“Cambia la luz del atardecer atrayendo sutilmente la oscuridad”
Como cambia la noche para traer la madrugada que abre las puertas a los seres que comunican con lo imposible, queriendo dar mensajes que no son explícitos ¿Qué quieren de mí? ¿Qué buscan? No soy especial, me cofunden con alguien más.
Tal vez soy solo el producto de una mente que colapsó, una mente que intenta escaparse de la realidad vivida, de los trágicos momentos cuando Rosa empezó a ser un tormento. Quería entregarle el pétalo que siempre arrancaba de las flores de Amanda, la vecina chismosa; así Rosa sabría que le pertenecían, que entendiera que su hermosura no se comparaba con la de las demás. ¿Qué hice mal? Yo la amaba, ella me amaba. Éramos felices; teníamos sexo cuando queríamos, jugábamos bruscamente y parecía que eso le causaba placer.

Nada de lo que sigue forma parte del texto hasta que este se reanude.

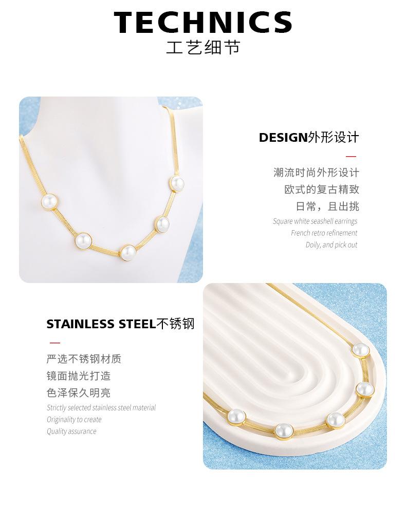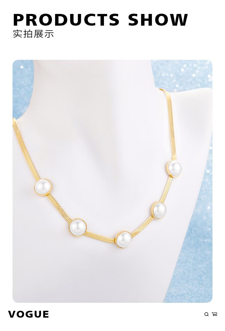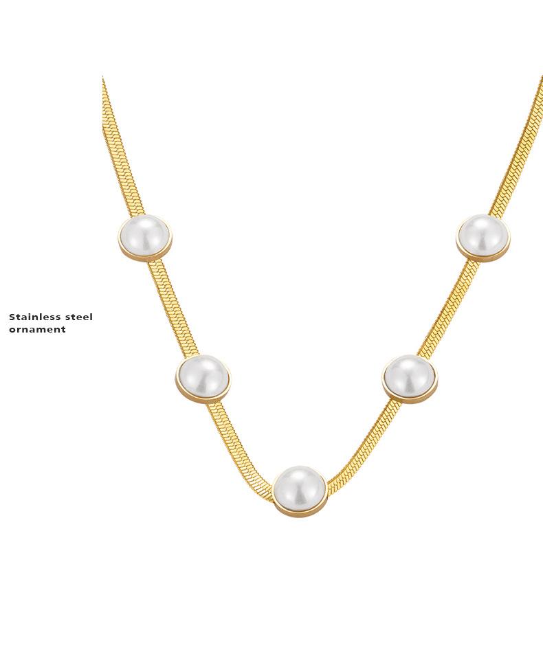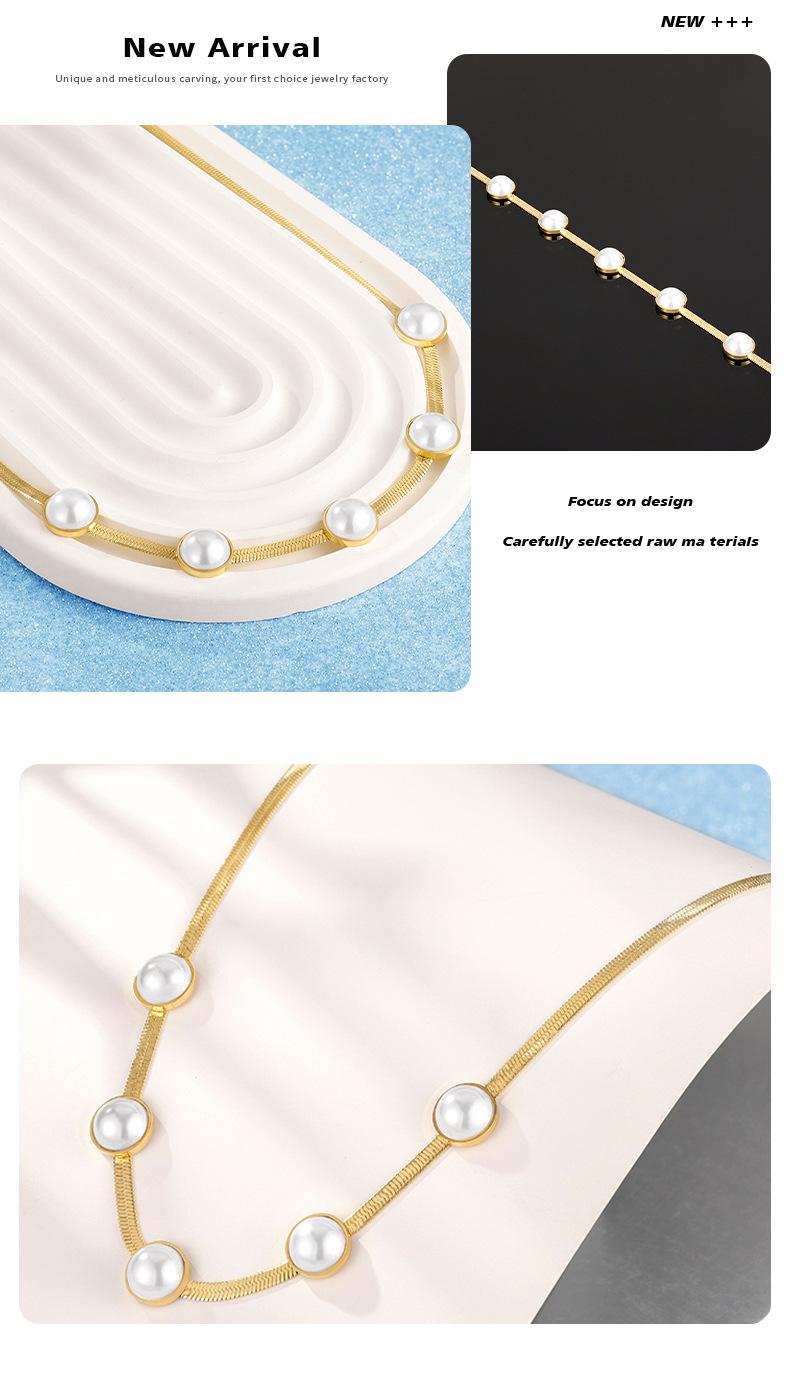 Collar de Perlas de Imitación para Dama Europea y Americana Acero de Titanio Chapado en Oro de 18k Cadena de Espiga Sentido de Diseño Elegante de Lujo Ligero Cadena para Clavícula Cadena Corta

Subí al ascensor, oprimí el número cuatro. Desde el momento que entré sentí que algo andaba mal, ese ascensor era muy extraño, te advertía de alguna manera lo que iba a ocurrir; espere los 37 segundos más largos; baje alterado y timbre. Rosa siempre tenía la puerta abierta cuando escuchaba que me bajaba del ascensor, sabía que odiaba esperar. Cuando noté la puerta cerrada me estresé y saqué la llave de mi pantalón violentamente ¡la maldita se cayó! Estaba desesperado, mis manos temblaban y mi cara se sentía cada vez más caliente; cuando me agache a recoger la llave mi mano temblorosa no podía agarrarla del piso, decidí respirar hondo y calmarme y ahí si la pude agarrar, era como si esa puta llave tuviera personalidad.
Abrí el portón y Rosa no tenía mi jugo servido como era de costumbre. La casa estaba desordenada y olía mal, habían ratas, cucarachas, inclusive hormigas paseándose por la vajilla, no entendía como en tan sólo una mañana podía pasar eso. Cuando fui a la nevera vi una hoja con una letra bastante peculiar y una frase que para cualquiera era una nota tierna, sin embargo para mí transmitía repudio “Disfrútalo cariño”. Empecé a caminar lentamente por el pasillo, estaba lleno de basura y bichos, no quería contaminarme de todo eso. Volteé hacia la sala,estaba limpia, organizada, todo en el lugar que pertenecía, por fin un poco de paz y ahí la vi, ¡por fin, mi amada!
Mis interrogantes empezaron a solucionarse, pero no de la manera que quería. Rosa tenía el cabello un poco despelucado, sus ojos me miraban fijamente, sus manos colgaban sin hacer fuerza, su boca estaba medianamente abierta y su cara tenía un aspecto más blanco de lo normal, tenía un adorno en su cuello que salía del techo, una butaca caída y otra nota al lado que decía “Ahora sí, creo que por fin logre excitarte como querías”.
Al ver ese escenario en donde Rosa se había ahorcado, me excite ¡lo había logrado! Jugó con mi estado de ánimo, me sentí enojado, repudiado, asqueado, confuso, triste y excitado a la vez; algo inédito para mí.
Aproveche que sus ojos me miraban fijamente y empecé a masturbarme ¡fue el mayor placer que sentí en toda mi vida! vi las estrellas en frente de mis ojos como desaparecían y dejaban su reflejo; el polen alimentando las flores; los pájaros emprendiendo su canto; morí en el caos y nací en la paz.
Sin embargo mi sosiego fue interrumpido: una mano suave me tocó el hombro, tardé unos minutos para regresar del éxtasis — ¿Qué haces Fernando? Hazlo en el baño ¡Respeta!—¡Era Rosa!